■ Exercise instructions ■
The lines below, from the one holding "Note this bi-colon" through the one holding "Brățara Mayris GEMS, inspirată", are to be restated word for word, with all images left out.

■ Records for this exercise ■
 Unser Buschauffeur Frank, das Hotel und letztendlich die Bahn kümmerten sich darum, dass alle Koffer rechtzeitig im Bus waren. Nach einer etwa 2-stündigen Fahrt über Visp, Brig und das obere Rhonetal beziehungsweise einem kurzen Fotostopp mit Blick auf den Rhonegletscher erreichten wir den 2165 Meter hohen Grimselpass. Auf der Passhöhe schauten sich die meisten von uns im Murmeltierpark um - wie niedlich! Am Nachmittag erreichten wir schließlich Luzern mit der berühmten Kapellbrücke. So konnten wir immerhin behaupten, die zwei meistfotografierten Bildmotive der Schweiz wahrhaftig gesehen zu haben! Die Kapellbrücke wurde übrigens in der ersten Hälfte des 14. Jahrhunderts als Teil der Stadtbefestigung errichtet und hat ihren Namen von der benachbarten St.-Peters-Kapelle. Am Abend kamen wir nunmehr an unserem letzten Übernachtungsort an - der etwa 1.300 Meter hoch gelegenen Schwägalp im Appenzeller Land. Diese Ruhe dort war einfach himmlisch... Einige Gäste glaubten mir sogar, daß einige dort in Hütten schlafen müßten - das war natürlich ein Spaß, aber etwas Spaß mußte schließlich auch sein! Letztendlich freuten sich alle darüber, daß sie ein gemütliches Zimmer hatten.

==

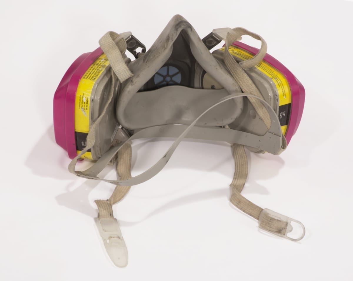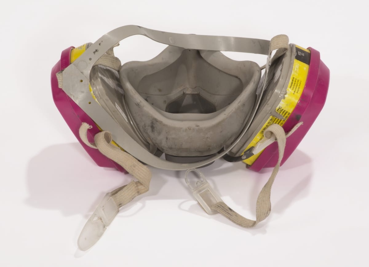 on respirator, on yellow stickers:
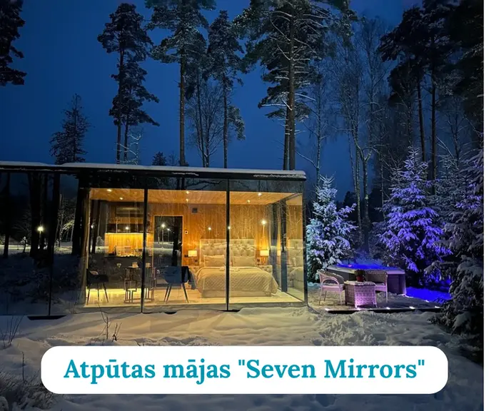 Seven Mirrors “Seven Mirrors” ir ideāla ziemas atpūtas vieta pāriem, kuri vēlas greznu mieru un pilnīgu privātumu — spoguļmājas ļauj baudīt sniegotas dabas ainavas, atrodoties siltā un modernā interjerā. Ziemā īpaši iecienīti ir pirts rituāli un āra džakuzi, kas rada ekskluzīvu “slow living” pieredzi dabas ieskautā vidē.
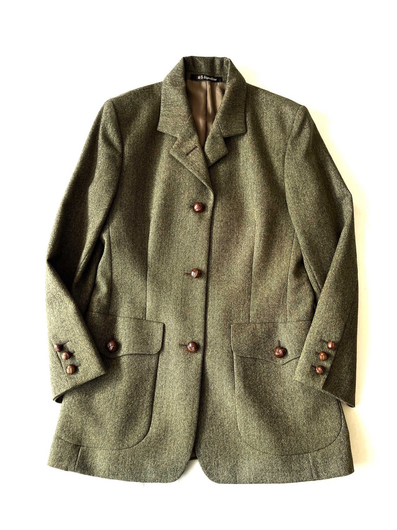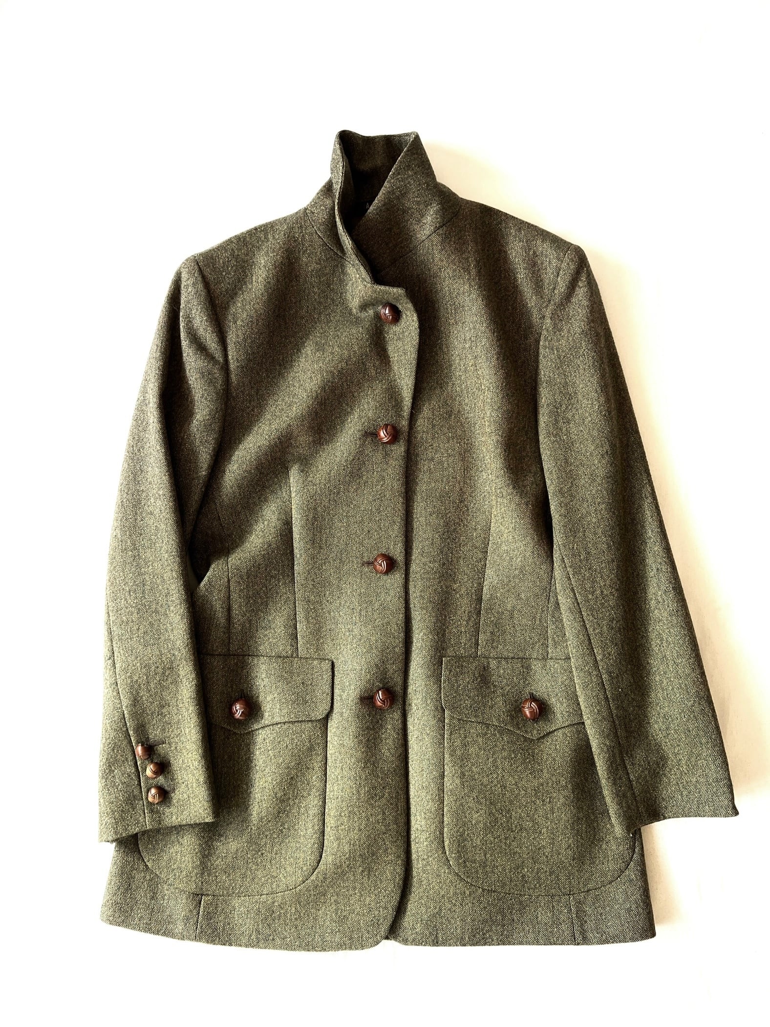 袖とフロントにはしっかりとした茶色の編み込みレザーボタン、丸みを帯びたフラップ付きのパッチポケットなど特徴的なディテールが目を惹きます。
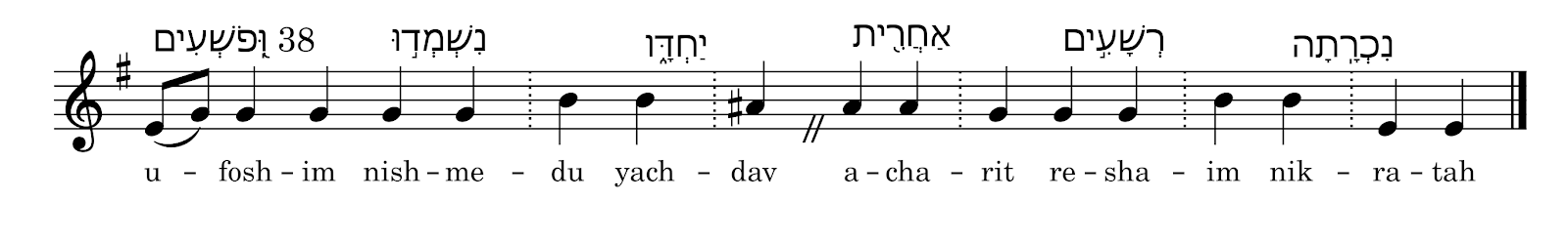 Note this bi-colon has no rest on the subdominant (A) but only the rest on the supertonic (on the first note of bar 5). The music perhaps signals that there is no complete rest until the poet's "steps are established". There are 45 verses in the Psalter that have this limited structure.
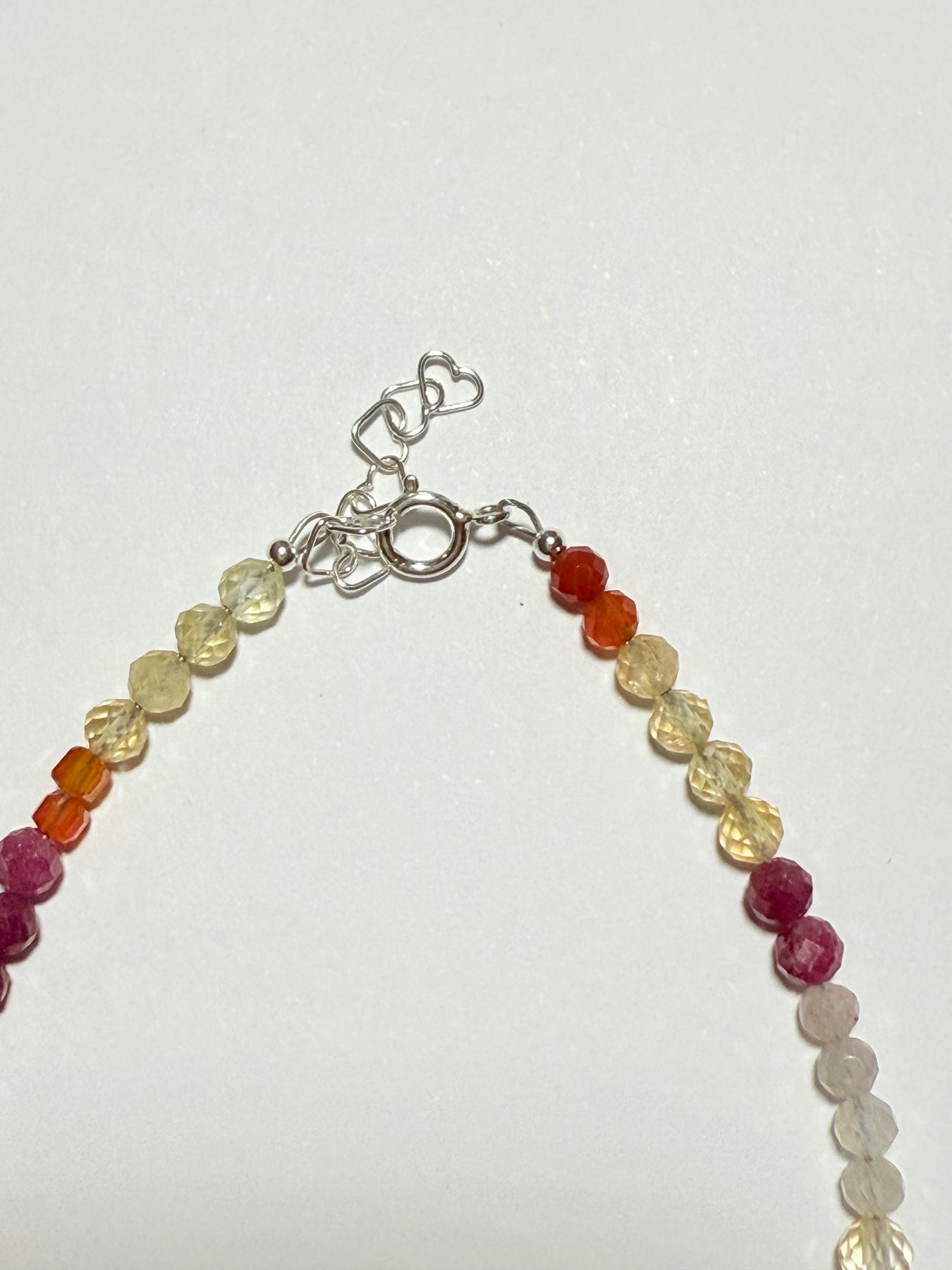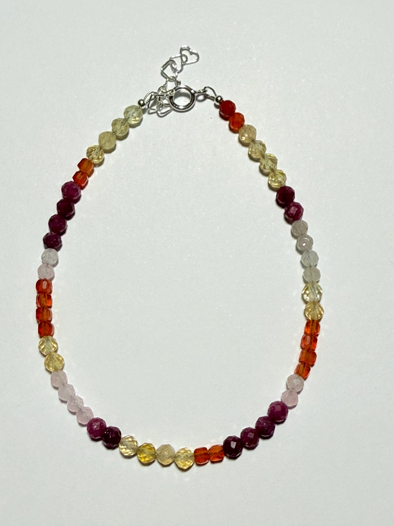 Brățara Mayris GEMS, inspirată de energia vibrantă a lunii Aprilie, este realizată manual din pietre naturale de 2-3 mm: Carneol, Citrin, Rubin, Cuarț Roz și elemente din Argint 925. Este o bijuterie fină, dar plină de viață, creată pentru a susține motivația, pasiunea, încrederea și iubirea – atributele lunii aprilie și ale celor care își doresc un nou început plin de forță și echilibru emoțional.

■ Written response ■
 Note this bi-colon has no rest on the subdominant (A) but only the rest on the supertonic (on the first note of bar 5). The music perhaps signals that there is no complete rest until the poet's "steps are established". There are 45 verses in the Psalter that have this limited structure.
 Brățara Mayris GEMS, inspirată de energia vibrantă a lunii Aprilie, este realizată manual din pietre naturale de 2-3 mm: Carneol, Citrin, Rubin, Cuarț Roz și elemente din Argint 925. Este o bijuterie fină, dar plină de viață, creată pentru a susține motivația, pasiunea, încrederea și iubirea – atributele lunii aprilie și ale celor care își doresc un nou început plin de forță și echilibru emoțional.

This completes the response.